Citation: 2005 FC 1704

OTTAWA, Ontario, this 16th day of December, 2005

PRESENT:    THE HONOURABLE PAUL U.C. ROULEAU

BETWEEN:

BEENA CHRISTOPHER

Applicant

and

THE MINISTER OF CITIZENSHIP AND IMMIGRATION

Respondent

REASONS FOR JUDGMENT AND JUDGMENT

[1]                 This is an application for judicial review of a decision by the Refugee Protection Division of the Immigration and Refugee Board (the "Board") dated December 20, 2004, in which the Board found that the applicant was not a Convention refugee or a person in need of protection under sections 96 and 97 of the Immigration and Refugee Protection Act, 2001 S.C. c. 27 (the IRPA). The Board found that the applicant, Beena Christopher, lacked credibility. The Board also noted that the applicant has failed to disprove the presumption of state protection in Pakistan and further found that the applicant has a valid Internal Flight Alternative ("IFA") in Karachi or Youngsonabad.

[2]                 The applicant, Beena Christopher, is a 44 year old citizen of Pakistan. The applicant claims refugee protection on religious grounds, as she is a Christian Evangelist who fears persecution in the form of risk to life or risk of cruel and unusual treatment or punishment, if she were to return to Pakistan.
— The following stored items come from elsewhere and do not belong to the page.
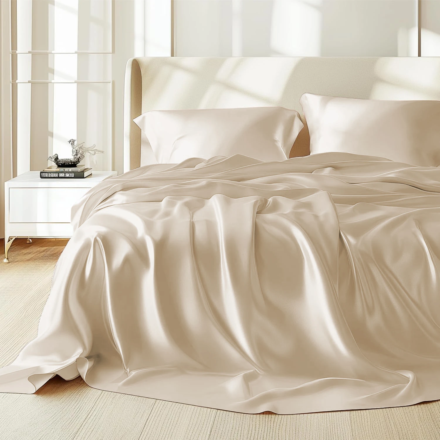 Ця постільна білизна – символ розкоші та комфорту. Шовк Mulberry виготовляється з коконів шовкопряда тут і відрізняється винятковою м'якістю, довговічністю і натуральним блиском. Така білизна має гіпоалергенні властивості, регулює температуру тіла та створює ідеальні умови для сну, забезпечуючи вам не лише комфорт, але й здоров'я. Білизна з шовку Mulberry - це інвестиція в якість сну та ваш затишок.
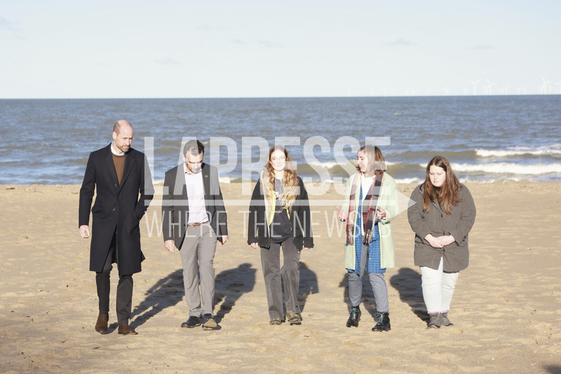 Britain's Prince William, left, during a beach walk with young people who are part of the Marine Conservation Society's Youth Ocean Network, in Colwyn Bay, Wales, Tuesday, Nov. 2025. (Ian Vogler/Pool Photo via AP)
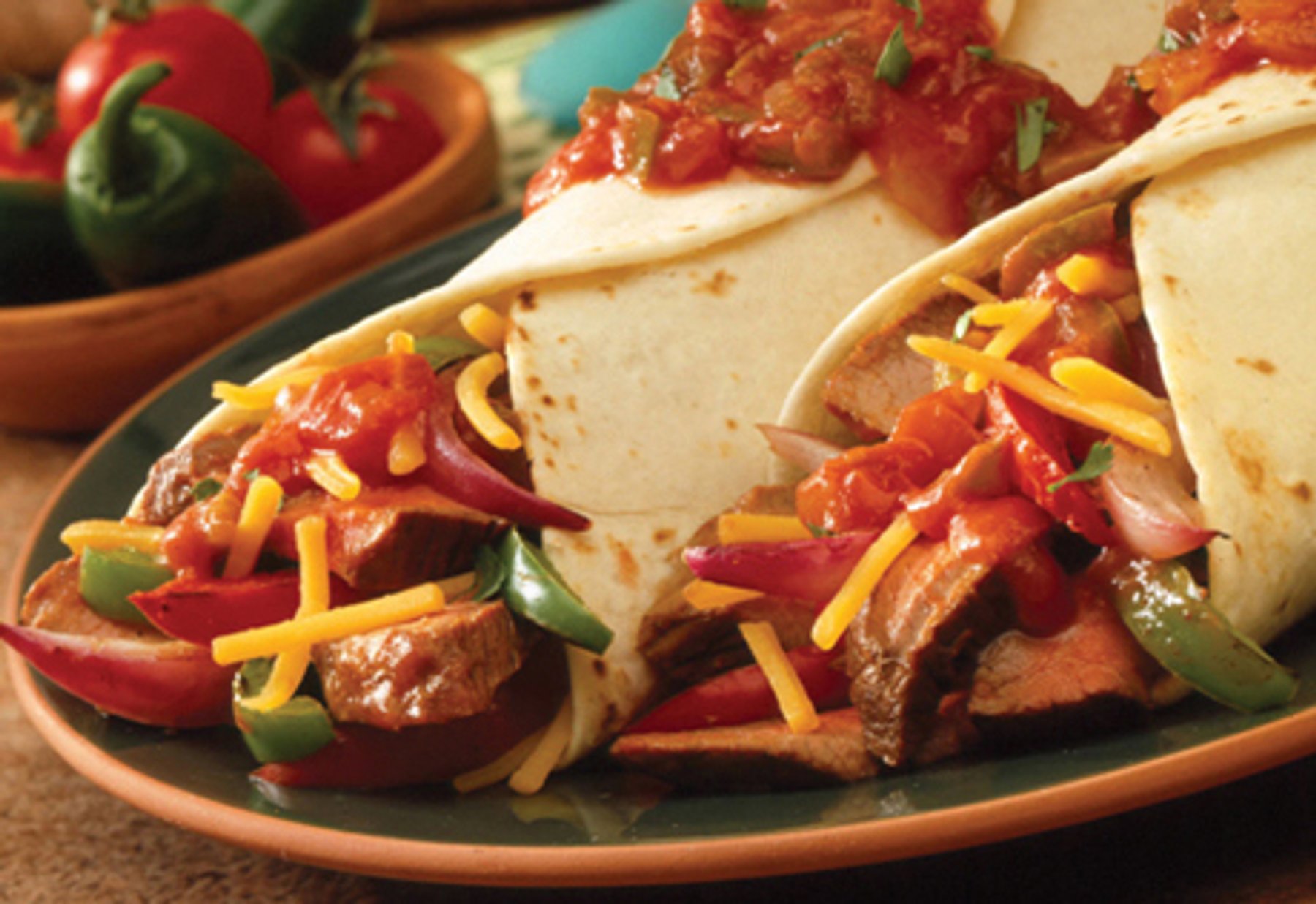 3 Slice the steak into thin strips and place down the center of each tortilla. Top with the pepper mixture and the cheese. Fold the tortilla around the filling. Serve with additional picante sauce.

[3]                 The applicant alleges she has received threats in Lahore, Pakistan due to her Christian faith. She claims she healed a woman from a Muslim family in October 2003, and was subsequently targeted by the husband of the healed woman. The applicant claims that the woman's husband was a Muslim fundamentalist.

[4]                 The applicant alleges that the family of the healed woman broke into her home carrying pistols; that she was threatened by the woman's husband, who told her to stop practising and preaching Christianity and to stay away from his wife.

[5]                 After the incident, the applicant returned to her native village of Youngsonabad. She noted in her Personal Information Form ("PIF") that Youngsonabad is a Christian village, and she felt safe there.

[6]                 The applicant applied to come to Canada in October 2003 to donate a kidney to her brother who had suffered a complete kidney failure in November 2002. She applied for a visa, together with her husband and daughter, and the visa was refused. She re-applied, just for herself, and received a visa. She left Pakistan in April, 2004.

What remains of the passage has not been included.